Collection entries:
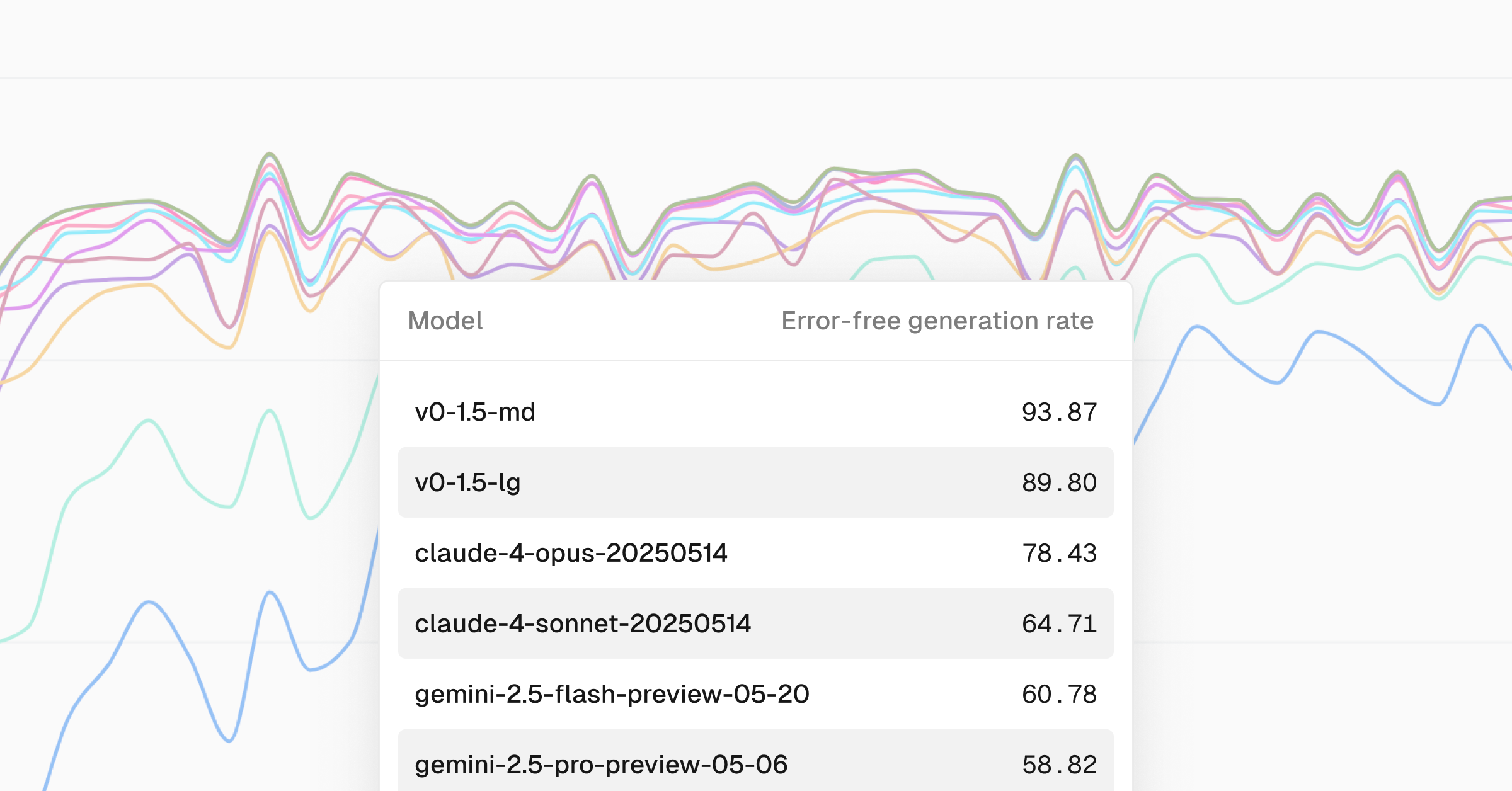 また、v0のようなモダンなWebアプリのコード生成というユースケースに、LLMは特化して設計されているわけではありません。LLMの性能評価で使用されるベンチマークは、Pythonのデータサイエンスやアルゴリズム問題が中心であり、最も活躍が期待される場面はチャットアシスタントでのコードサンプル提供です。
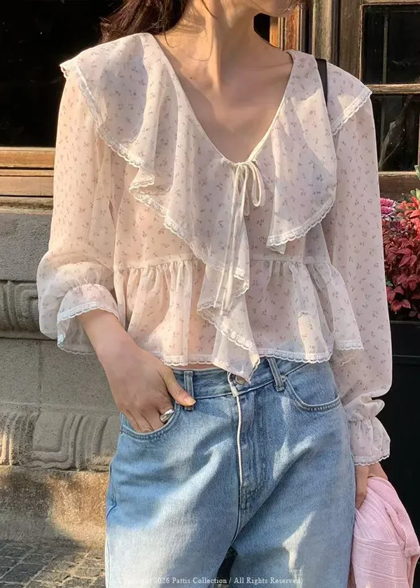 陽光拯救者 | 綴蕾絲小碎花荷葉短版上衣(米白)
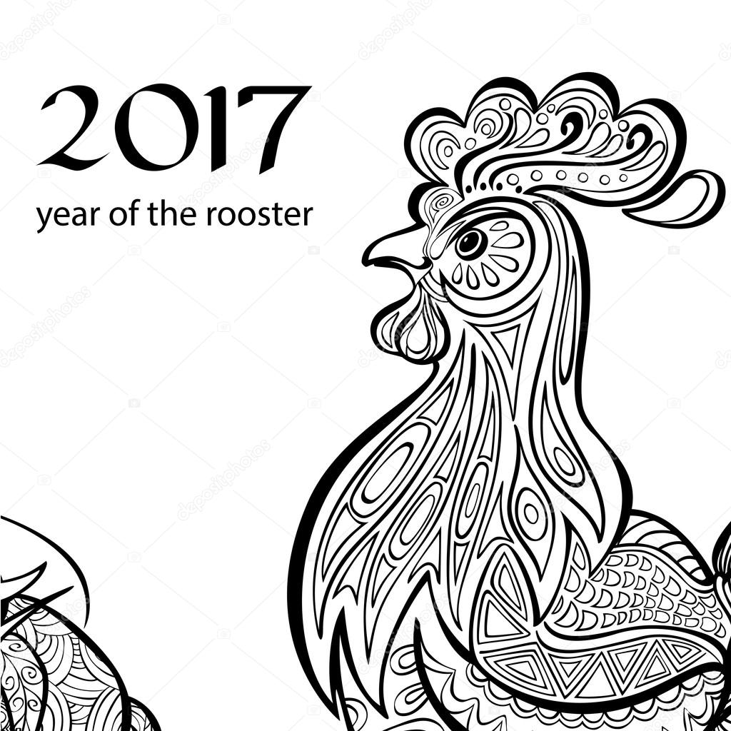 Anno Del Gallo Immagine In Bianco E Nero Un Nella Zentangl - Download
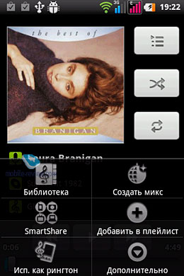 МультимедиаМузыкальный проигрыватель В плеере можно упорядочить композиции по исполнителям, альбомам, песням и плейлистам. При проигрывании музыки на экране отображаются обложка альбома, имя исполнителя и название альбома, ниже – кнопки управления плеером. В настройках: добавить в плейлист, библиотека, настройки, SmartShare, удаление, использовать как рингтон, обмен (по Bluetooth, gmail, sms, электронной почте). В отличие от топовых смартфонов LG, в бюджетном Link Dual отсутствует эквалайзер.
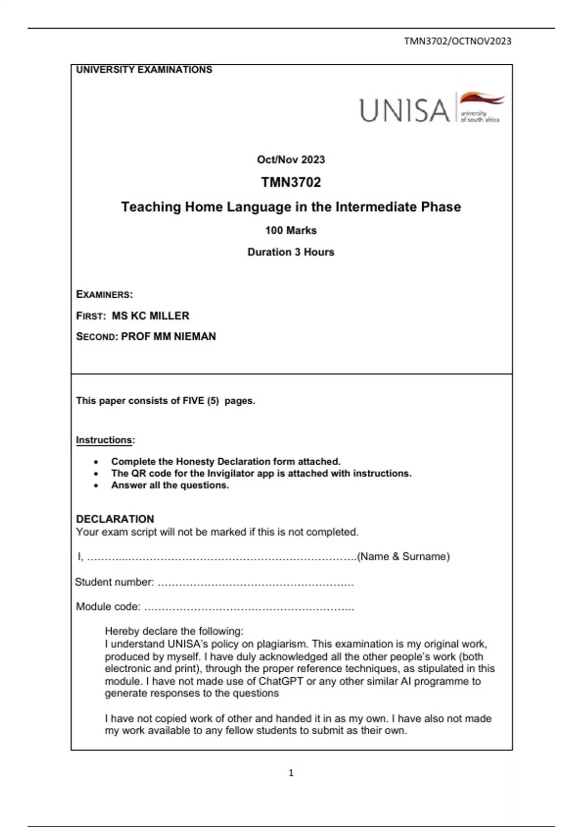 Teaching Home Language Intermediate Phase - TMN3702EXAM PACK 2023 QUESTIONS AND ANSWERS
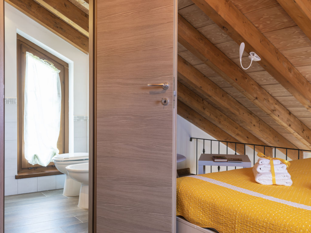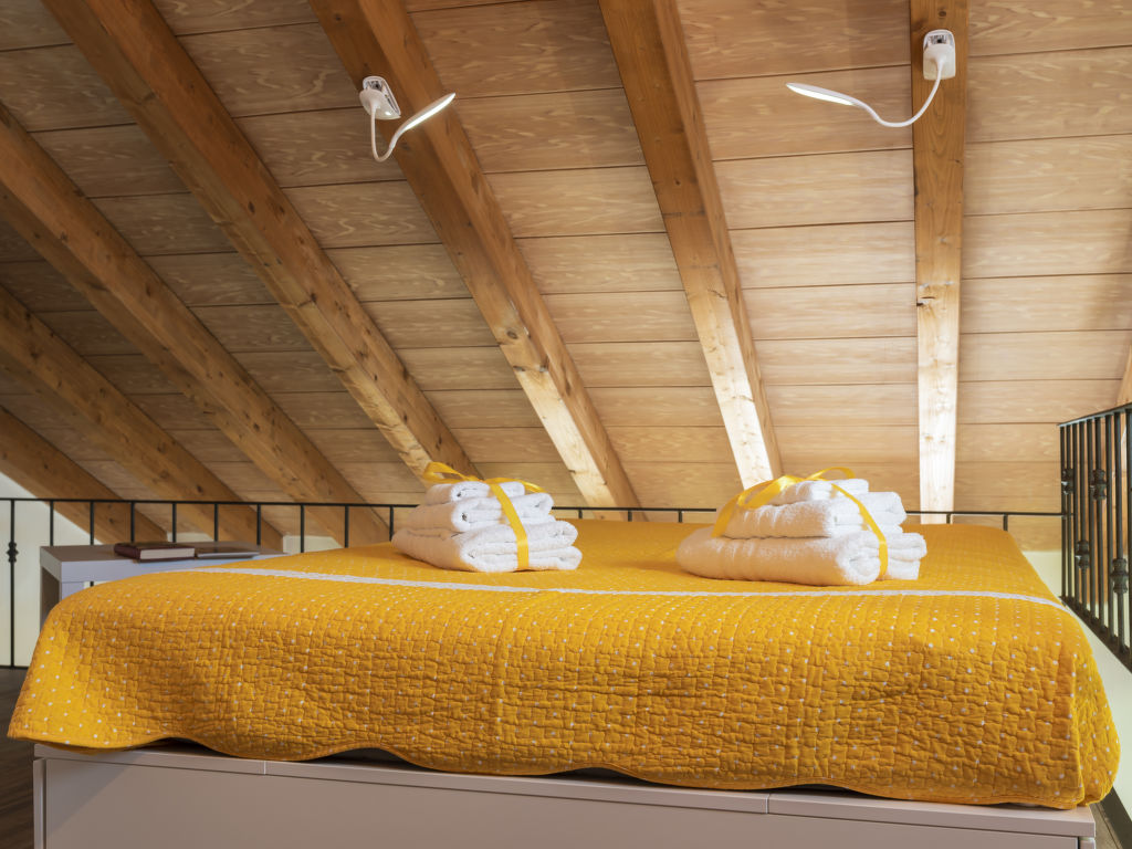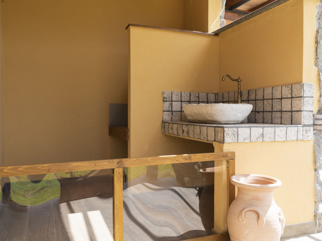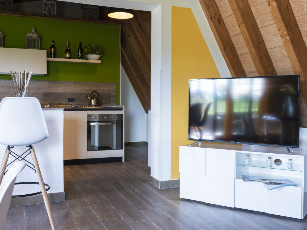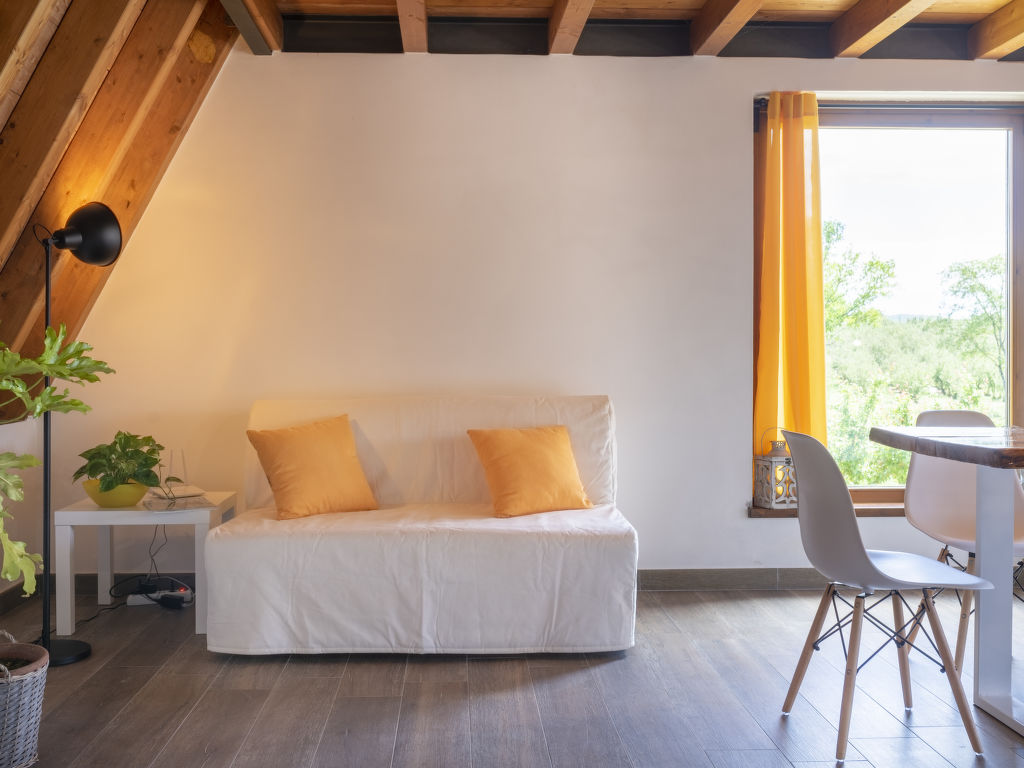 "Melograno", 2-Zimmer-Chalet 60 m2 auf 2 Stockwerken, im erhöhten Erdgeschoss. Modern und stilvoll eingerichtet: offenes Wohn-/Esszimmer mit 1 Doppeldiwanbett und TV (Flachbildschirm). Ausgang zur Terrasse. Offene Küche (Backofen, Geschirrspüler, 4 Flammen, Toaster, Tiefkühler, elektrische Kaffeemaschine). Ausgang zur Terrasse. Sep. WC. E-Heizung, Klimaanlage. Obergeschoss: abgeschrägte, offene Galerie mit 1 Doppelbett (140 cm). Dusche/Bidet/WC. Terrasse 45 m2. Terrassenmöbel. Schöne, auf die Landschaft. Zur Verfügung: Internet (Wireless LAN).

What needs to be done: Please reproduce, word for word, only the lines from the line that holds "Teaching Home Language" through the final line of the entries above, omitting any pictures.

Task output:
 Teaching Home Language Intermediate Phase - TMN3702EXAM PACK 2023 QUESTIONS AND ANSWERS
 "Melograno", 2-Zimmer-Chalet 60 m2 auf 2 Stockwerken, im erhöhten Erdgeschoss. Modern und stilvoll eingerichtet: offenes Wohn-/Esszimmer mit 1 Doppeldiwanbett und TV (Flachbildschirm). Ausgang zur Terrasse. Offene Küche (Backofen, Geschirrspüler, 4 Flammen, Toaster, Tiefkühler, elektrische Kaffeemaschine). Ausgang zur Terrasse. Sep. WC. E-Heizung, Klimaanlage. Obergeschoss: abgeschrägte, offene Galerie mit 1 Doppelbett (140 cm). Dusche/Bidet/WC. Terrasse 45 m2. Terrassenmöbel. Schöne, auf die Landschaft. Zur Verfügung: Internet (Wireless LAN).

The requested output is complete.